Composite work, surfaced as a plan. Approved before it runs.
When a brief is bigger than one call, Sage's flow turns it into a graph of atomic TaskEscrow records — generated dynamically per-brief by an LLM classifier, surfaced as a structured artifact the user reviews before any on-chain spawn. The pattern is dynamic (plans aren't hardcoded workflows) and observable (decomposition is visible, not buried in agent-side context). This is Sage's angle per ADR-0008; the design lives in ADR-0007. Live at /demo/composite.
What it is
A composite task is a brief that decomposes into several atomic settlement records, each its own createTask → acceptTask → completeTask → approvePayment cycle. The flow doesn't replace the primitive — it composes on top of it.
brief → classify → plan card → approve / edit / cancel
│
↓ (only after explicit approval)
┌──── sub-task #1 ────┐ ┌──── sub-task #2 ────┐
│ createTask │ │ createTask │
│ acceptTask │ │ acceptTask │
│ completeTask │ │ completeTask │
│ approvePayment │ │ approvePayment │
└────────────────────┘ └─────────────────────┘
↓
plan settledThe user sees the full graph — sub-task types, executors, costs, dependencies, total estimated duration — before any sponsor money moves. Approve commits the plan. Edit splices in changes (reorder, re-assign, drop). Cancel returns the run to idle.
Why externalize the plan
The naive shape for multi-step agent work is to hand the whole brief to one agent and let it decide the steps internally. Plan generation, sub-task spawning, result aggregation — all in one LLM's context. This is the path of least implementation resistance and almost universally what platforms ship.

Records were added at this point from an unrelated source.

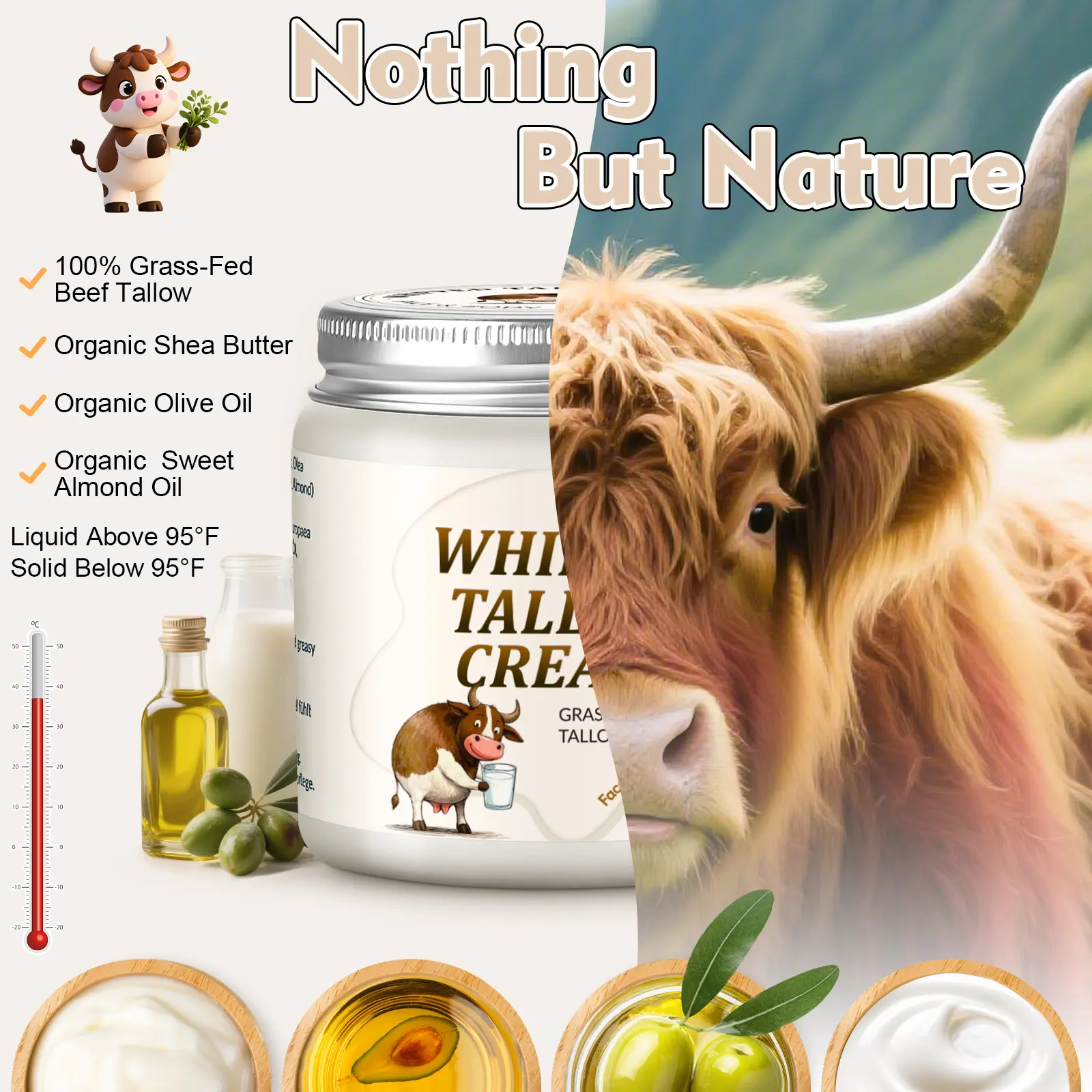 🌿 Grass-Fed Beef Tallow: Rich in fatty acids & vitamins, deeply nourishing and supporting a healthy skin barrier.
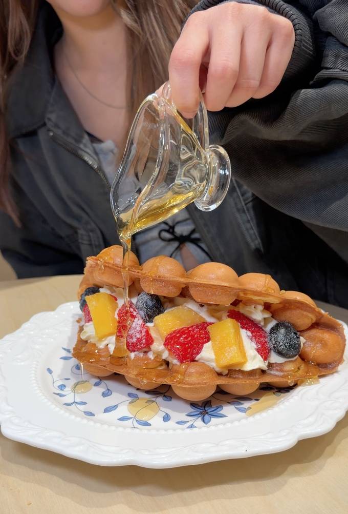 現場仲有多款特色甜品,最吸引是水果夾心雞蛋仔,將港式雞蛋仔升級,蛋仔中間夾入鮮果同忌廉,外層香脆,淋上糖漿,係幸福嘅味道!昭和風藍色奶凍走懷舊日系路線的奶凍甜品,以淡藍色做視覺重點,質感細滑,打卡十足!
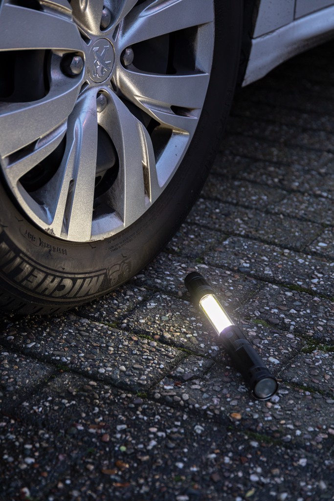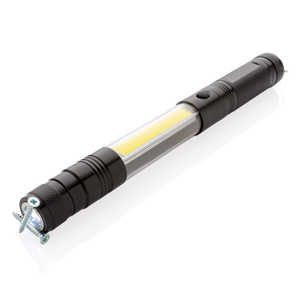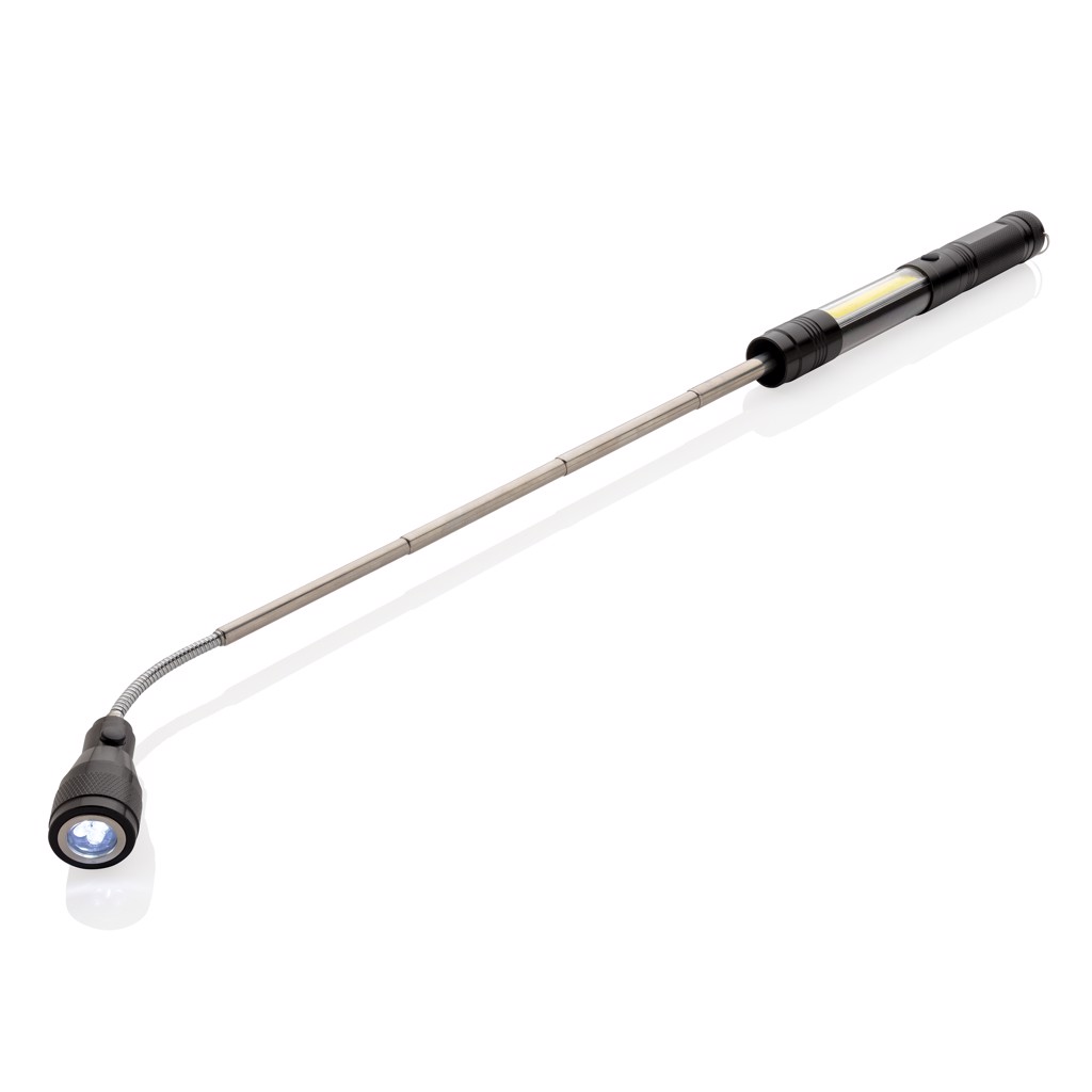 Die perfekte Arbeitsleuchte für alle Fälle. Mit dem Magnet auf der einen Seite findet sie Halt an allen magnetischen Oberflächen und mit der ausziehbaren Aluminium Lampe (26-64cm) an deren Ende sich ein weiterer Magnet befindet, beleuchten Sie nicht nur schwer einsehbare Stellen, Sie fischen auch Schrauben o.Ä. aus den entlegensten Ecken. Die Taschenlampe hat 3 LED 10 Lumen und die COB Leuchte 80 Lumen. Ebenso ist der Kopf der Taschenlampe, wenn sie ausgezogen ist, flexibel und kann so in alle Richtungen gedreht werden. Inklusive Batterien

The cost shows up later. The decomposition exists only inside the agent's context window: no on-chain record of which sub-tasks ran, no per-step approval, no granular dispute, no indexable graph for downstream tools. When the work goes wrong, there's no surface to act on except "run the whole thing again."
Sage's bet: the decomposition is more valuable as a first-class artifact than as agent-internal state. Externalizing it means:
- Per-step verification. Each approvePayment is a discrete checkpoint — client signs off only when the result for that sub-task is acceptable. The fund-release cadence matches the work-delivery cadence.

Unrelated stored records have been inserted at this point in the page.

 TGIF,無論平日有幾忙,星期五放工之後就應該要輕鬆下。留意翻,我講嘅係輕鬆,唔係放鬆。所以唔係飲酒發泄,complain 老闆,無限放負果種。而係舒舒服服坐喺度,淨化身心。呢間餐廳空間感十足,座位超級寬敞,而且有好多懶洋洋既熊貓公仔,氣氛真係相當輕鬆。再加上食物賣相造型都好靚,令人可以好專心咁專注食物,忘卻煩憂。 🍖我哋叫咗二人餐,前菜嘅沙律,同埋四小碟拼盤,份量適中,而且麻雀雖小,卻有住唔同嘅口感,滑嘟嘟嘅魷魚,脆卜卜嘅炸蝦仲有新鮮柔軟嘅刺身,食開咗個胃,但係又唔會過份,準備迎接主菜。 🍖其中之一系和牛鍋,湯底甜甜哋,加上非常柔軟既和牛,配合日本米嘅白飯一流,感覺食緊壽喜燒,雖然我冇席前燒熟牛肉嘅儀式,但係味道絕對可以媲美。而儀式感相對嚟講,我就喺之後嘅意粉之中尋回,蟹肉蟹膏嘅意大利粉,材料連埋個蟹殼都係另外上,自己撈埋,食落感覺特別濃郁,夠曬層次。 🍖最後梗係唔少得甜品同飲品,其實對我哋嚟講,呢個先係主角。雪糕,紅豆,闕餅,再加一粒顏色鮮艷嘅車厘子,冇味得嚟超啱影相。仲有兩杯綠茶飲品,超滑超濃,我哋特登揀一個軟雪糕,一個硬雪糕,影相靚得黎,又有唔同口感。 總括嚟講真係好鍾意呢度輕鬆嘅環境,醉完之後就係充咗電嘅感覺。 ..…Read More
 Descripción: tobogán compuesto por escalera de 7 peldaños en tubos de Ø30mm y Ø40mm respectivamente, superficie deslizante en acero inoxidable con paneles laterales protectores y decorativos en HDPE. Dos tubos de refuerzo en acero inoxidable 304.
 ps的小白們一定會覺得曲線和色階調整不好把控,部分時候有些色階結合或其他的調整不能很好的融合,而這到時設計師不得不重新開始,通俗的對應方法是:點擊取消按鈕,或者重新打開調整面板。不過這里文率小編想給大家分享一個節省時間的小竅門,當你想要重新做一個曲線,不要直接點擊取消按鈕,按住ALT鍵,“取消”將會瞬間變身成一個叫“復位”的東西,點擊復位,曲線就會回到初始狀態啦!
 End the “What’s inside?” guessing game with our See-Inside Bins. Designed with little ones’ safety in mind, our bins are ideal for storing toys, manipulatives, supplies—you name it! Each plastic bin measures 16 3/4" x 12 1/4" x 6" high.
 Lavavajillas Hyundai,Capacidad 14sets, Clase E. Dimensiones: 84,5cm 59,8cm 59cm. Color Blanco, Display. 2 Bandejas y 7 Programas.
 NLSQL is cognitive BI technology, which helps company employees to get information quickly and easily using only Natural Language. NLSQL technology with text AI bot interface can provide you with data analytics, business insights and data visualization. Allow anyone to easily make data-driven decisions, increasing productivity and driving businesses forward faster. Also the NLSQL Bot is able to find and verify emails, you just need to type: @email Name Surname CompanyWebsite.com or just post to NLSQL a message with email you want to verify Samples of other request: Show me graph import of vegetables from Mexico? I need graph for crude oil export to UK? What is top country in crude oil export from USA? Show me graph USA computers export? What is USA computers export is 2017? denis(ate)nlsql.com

- Granular dispute. One sub-task can be paused, retried, or routed to a different executor without unwinding the work that already settled. Compare to a monolithic delivery where dispute means rerun the entire pipeline.
- Indexable lineage + faithful content. Sub-tasks carry a structured envelope in their specUri — { parent, spec, source?, inputs? } per ADR-0018. parent lets an off-chain indexer rebuild the parent-child graph from TaskCreated events alone; source attaches the original brief payload to a root sub-task and inputs carries an upstream step's output to a dependent one — so a worker sees the real material, not a truncated instruction, and a chain (translate → summarize) passes results forward. No proprietary platform state required.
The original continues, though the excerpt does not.